En conclusion, si les solutions sont à géométrie variable, cela n’interdit pas de formuler des recommandations et des principes de cadrage.

Il n’existe pas de modèle unique ou de taille parfaite d’un campus universitaire.

En 1973, Schumacher écrivait « small is beautiful ». Il parlait de l’économie du durable et de l’échelle à taille humaine. Il s’agit de trouver le bon niveau de subsidiarité. L’enjeu n’est pas la taille du service, mais la qualité du service rendu à la collectivité. Il s’agit de ne pas déshumaniser le travail rendu par les personnes qui animent les services sur les campus.

L’important est la résilience, s’assurer que les universités, les campus et les services de demain soient résilients, capables d’évoluer en fonction des crises et en fonction des besoins.
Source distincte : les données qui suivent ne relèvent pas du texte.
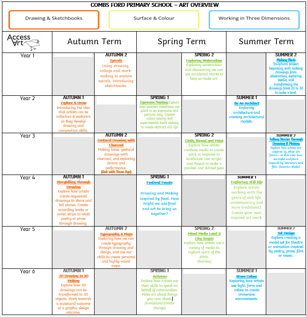 We use tracking grids that are created from the ‘success criteria’ on our medium-term plans and we assess the children’s work to be: beginning to show a skill; can show a skill; can confidently show a skill. It is not necessary to assess children’s work during every lesson, “…progression in art is rarely linear. Progress and understanding can and will occur in leaps and bounds, sprinkled by periods of plateau.” Paula Briggs AccessArt.
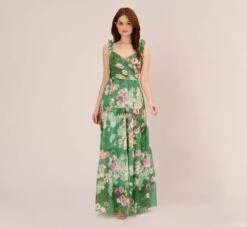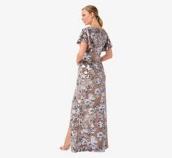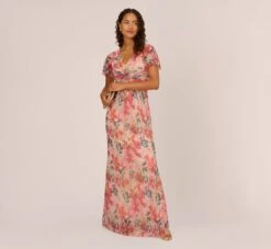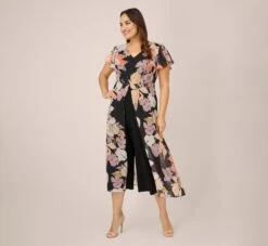 A striking metallic foil floral print gives a feminine spin to this mermaid dress crafted of a lightweight crinkled mesh. This charming dress features a ruffled capelet and a surplice neckline that descends to a midi skirt with playful cascading ruffle accent and ruffled hem. Finished with a self-tie belt to accentuate your waist. Back zipper with hook and eye closure. A versatile style to keep on rotation for bridal showers, engagement parties and wedding receptions.

Mme Anne Guiochon-Mantel, vice-présidente « Vie universitaire » de l’université Paris-Saclay. – Le campus de demain est un lieu de travail connecté, un lieu de culture, de sport, durable et inclusif. C’est un lieu de rencontre, avec des espaces de travail ouverts si possible 24 heures sur 24, des lieux de vie qui offrent une qualité de vie et une mixité. C’est un campus intégré à la cité, un lieu social favorable au brassage des étudiants, des acteurs de l’université, de la société, les startupers et des habitants des villes environnantes. Ce sont des espaces de détente et de repos, de travail avec les acteurs économiques pour favoriser l’intervention des professionnels au sein de l’enseignement supérieur. Le campus bénéficie d’une offre de transports publics de proximité et de mobilités douces entre les sites.

Le campus est un lieu de vie sociale, culturelle et sportive, avec des lieux d’activité sportive et culturelle, des associations qui mettent en valeur le patrimoine et l’action culturelle, des résidences pour les professeurs invités, une restauration quotidienne, des

1 Lichtenberger Y., « L’université et ses territoires », dans Urbanisme, Hors série, 38, 2010, p. 57-60.